▶ **REQUIRED ACTION**
In the listing below, find the line with "Nagyon örültem, hogy" and the line with "登場したのは揚げ蕎麦のサラダに始まり……。", then return them and every line between them exactly, minus the pictures.
◆ ◆ ◆ ◆ ◆ ◆ ◆
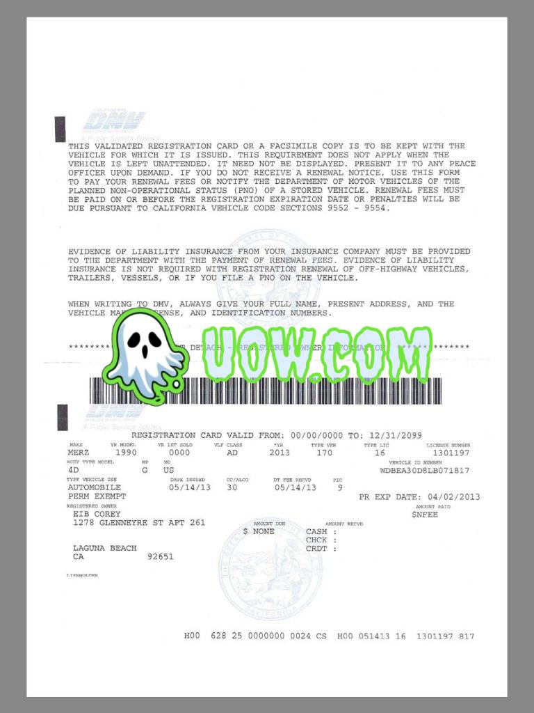 加利福尼亚州机动车辆验验证登记卡(California Vehicle Validated Registration Card),俗称“登记卡”或“Reg Card”,是加州DMV发给每辆车的“合法上路身份证”。没有它,你在405高速被CHP拦下=$280罚单 + 车被拖走!
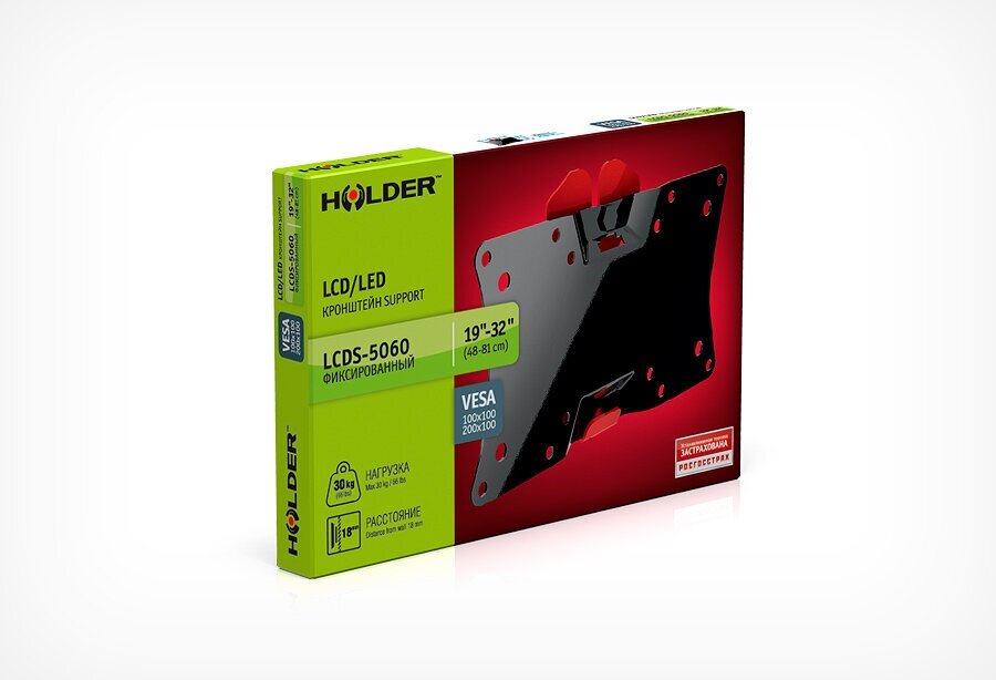 Кронштейн Holder черный для ЖК ТВ 19-32" настенный от стены 18мм наклон 5° VESA 200x100 до 30 кг
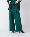 片サイドの大きな変則ハトメカン仕様が印象的なデザインブラウス✨ 同素材パンツとセットアップコーディネート✨ instagram ▶︎ melton_sric
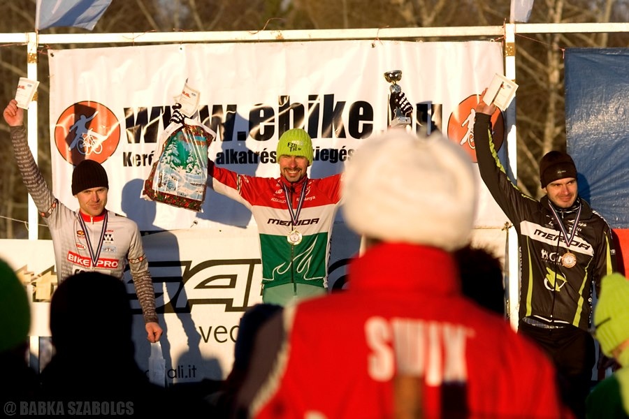 Nagyon örültem, hogy végre nem a szlovákok vitték el a győzelmet! Sokat számított a jó külső gumi választás, inkább a sűrű apró mintás tapadt jobban a jeges havon Én is a canti fékes karbon Ritchey kerekeket részesítettem előnybe az apró mintás Racing Ralph gumival. A többi kategóriában is visszavágtunk. A nők között Benkó Barbi hozta el az aranyat, U19-ben Dina Marci aratott magabiztos győzelmet. Szép munka volt lányok-fiúk! 🙂
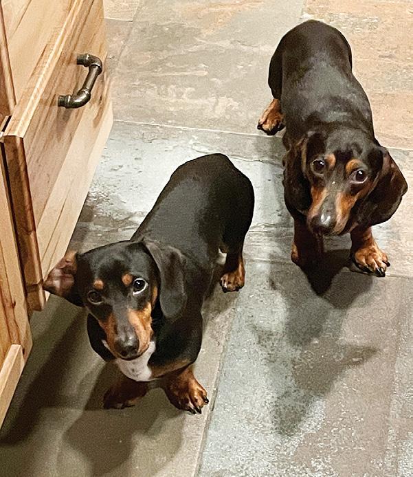 Slinky and Max are dachshunds who enjoy sunshine and its warmth as much as possible. They can be heard barking at a squirrel or wild turkey. Slinky (the one with white fur on his chest) likes to annoy big brother Max whenever he can and follows Michael everywhere. Nothing makes Max happier than hanging out with Mercy. On night walks, you may spot them by their reflective coats.
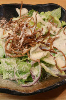 登場したのは揚げ蕎麦のサラダに始まり……。
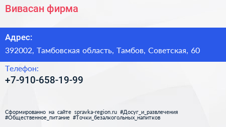 Вивасан, фирма по адресу 392002, Тамбовская область, Тамбов, Советская, 60 в дальнейшем Организация, размещена в следующих категориях:
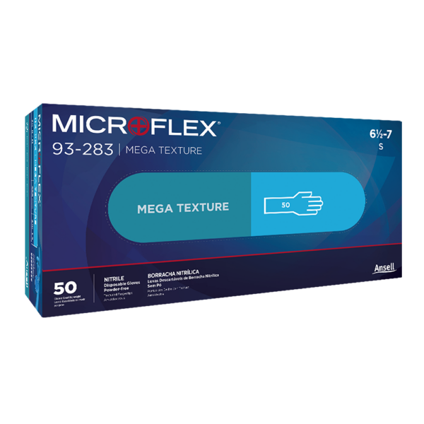 - Strong grip: Thanks to a Mega Texture surface, MICROFLEX 93-283 disposable gloves boast secure grip, for handling wet, oily, or fatty objects.
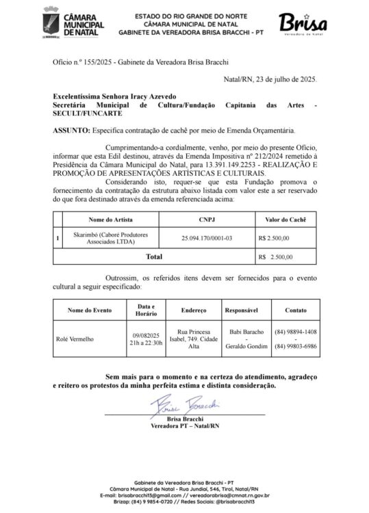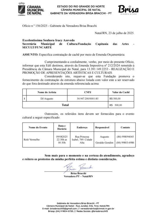 “Nós destinamos recursos para o pagamento de três cachês, de três artistas renomados, conhecidos, que já se apresentaram em muitos outros lugares da cidade. Muita gente tem questionado o caráter que o evento teve porque falava do Bolsonaro na cadeia, que foi uma notícia que surgiu na semana que o evento aconteceu”, disse Brisa.
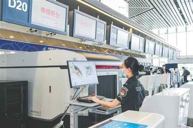 海口美兰国际机场封关运作项目现场,工作人员在智能查验通道进行运行测试。袁琛 摄
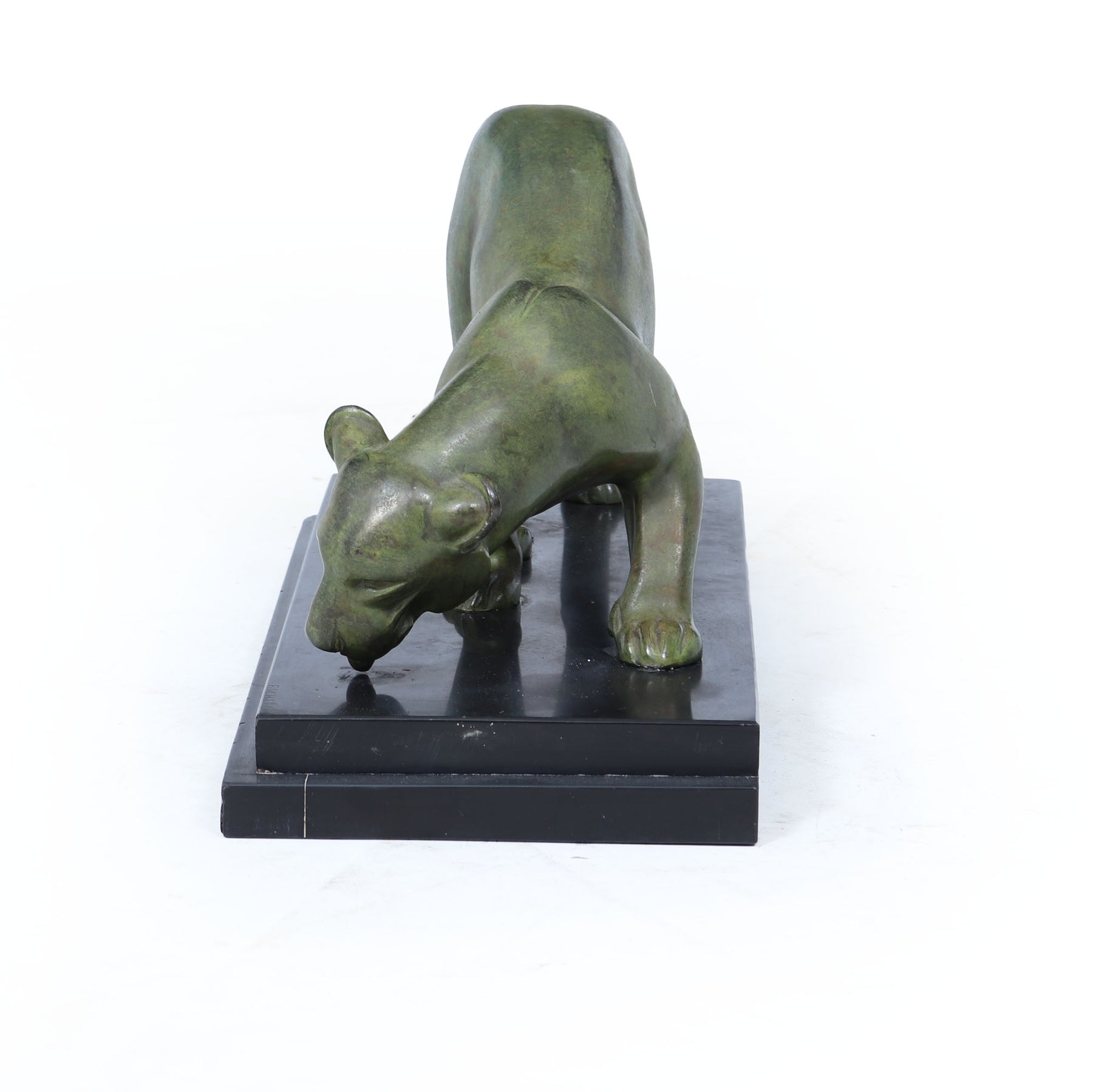 A striking French Art Deco bronze sculpture of a prowling panther by renowned artist Irénée Rochard (1906–1984), dating to the 1920s. Cast in bronze and finished in a rich verdigris green patina, this piece captures the tension and grace of the panther mid-stride with a stylised yet powerful Art Deco silhouette.
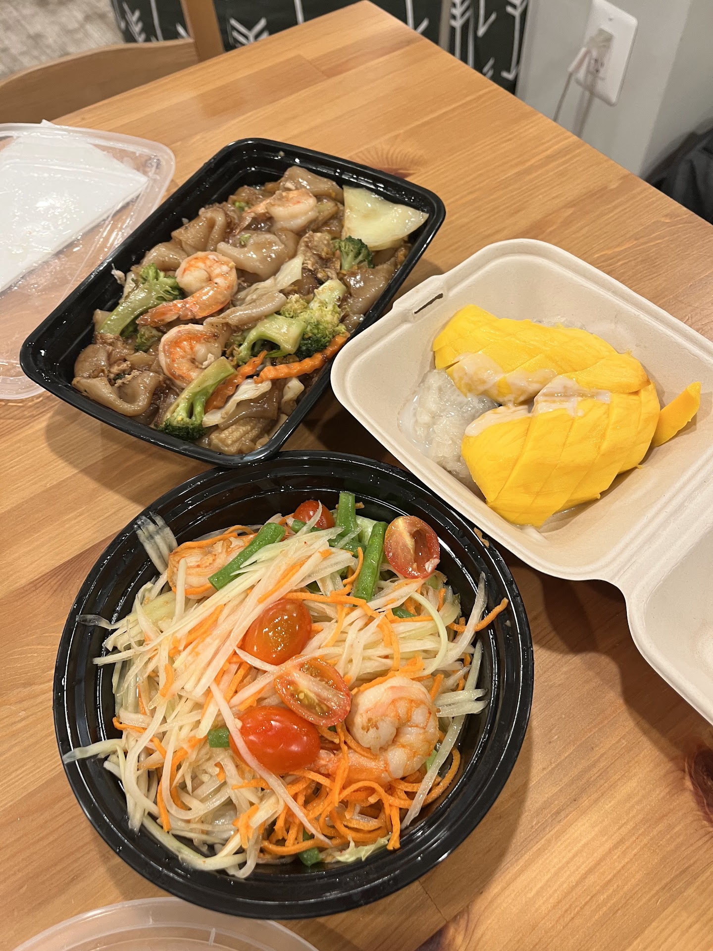 I ordered their pad see ew with vegetables and shrimp, papaya salad, and mango sticky rice -- each dish was fantastic, and they had generous portions; this was plenty of food for 2-2.5 meals. I put everything at their "regular" spice level, which didn't seem to be super consistent across their dishes. The pad see ew was hardly spicy, while the papaya salad made me run for a glass of water.
◆ ◆ ◆ ◆ ◆ ◆ ◆
▶ **TASK OUTPUT**
 Nagyon örültem, hogy végre nem a szlovákok vitték el a győzelmet! Sokat számított a jó külső gumi választás, inkább a sűrű apró mintás tapadt jobban a jeges havon Én is a canti fékes karbon Ritchey kerekeket részesítettem előnybe az apró mintás Racing Ralph gumival. A többi kategóriában is visszavágtunk. A nők között Benkó Barbi hozta el az aranyat, U19-ben Dina Marci aratott magabiztos győzelmet. Szép munka volt lányok-fiúk! 🙂
 Slinky and Max are dachshunds who enjoy sunshine and its warmth as much as possible. They can be heard barking at a squirrel or wild turkey. Slinky (the one with white fur on his chest) likes to annoy big brother Max whenever he can and follows Michael everywhere. Nothing makes Max happier than hanging out with Mercy. On night walks, you may spot them by their reflective coats.
 登場したのは揚げ蕎麦のサラダに始まり……。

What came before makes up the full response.